What if metasurfaces—two-dimensional (2D) materials structured at the nanoscale—could control the optical properties of their own thermal radiation? Work by Andrea Alù, a distinguished professor at The City University of New York (CUNY) Graduate Center and founding director of the CUNY ASRC Photonics Initiative, and his team shows not only is it possible but it may enable custom light sources with extraordinary capabilities (see video).
They built upon their recent theoretical work, which showed a metasurface can be designed to shape its own thermal radiation to impart features such as defined frequencies, custom polarization, and a desired wavefront shape to create a hologram. Alù and his team predicted they could engineer a metasurface to produce and control its own thermal radiation—unlike conventional metasurfaces—in novel ways.
Being able to control thermal radiation, which is a form of electromagnetic waves emitted by heat-driven random fluctuations within matter, is highly desirable. While it’s inherently broadband, it’s also unpolarized and tends to spread out in all directions because of its random fluctuations with no spatial or temporal coherence—and this severely limits its use.
In their most recent work, the team experimentally validated their predictions via streamlining their device architecture to a single structured layer with a 2D pattern—with nanopillars arrayed across their surfaces.
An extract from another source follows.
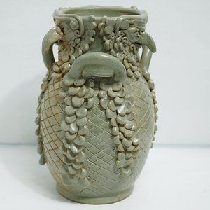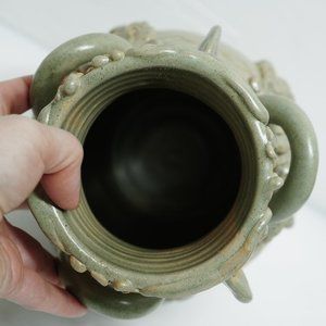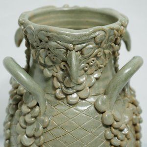 William Hunt Celadon Green Masquerade Bird Mask Stoneware Vase

Varying the nanopillars enables control over light scattering to shape it in customizable ways.
“Metasurfaces have been explored for several years in a variety of contexts and offer great opportunities to manipulate the optical wavefront in a compact form,” says Alù. “But so far metasurface technology has been limited to manipulating coherent light, so it relies on external laser excitations that require bulky and costly sources.”
The team’s goal is a metasurface that doesn’t require external laser sources, “but provides precise control over the way its own thermal radiation is emitted and propagates,” says Adam Overvig, a former postdoctoral fellow in Alù’s group and currently an assistant professor at Stevens Institute of Technology.
Thermal metasurface design
The researchers’ new thermal metasurfaces are engineered to manipulate their own thermal emissions—despite its inherently coherent nature—with a degree of flexibility and control.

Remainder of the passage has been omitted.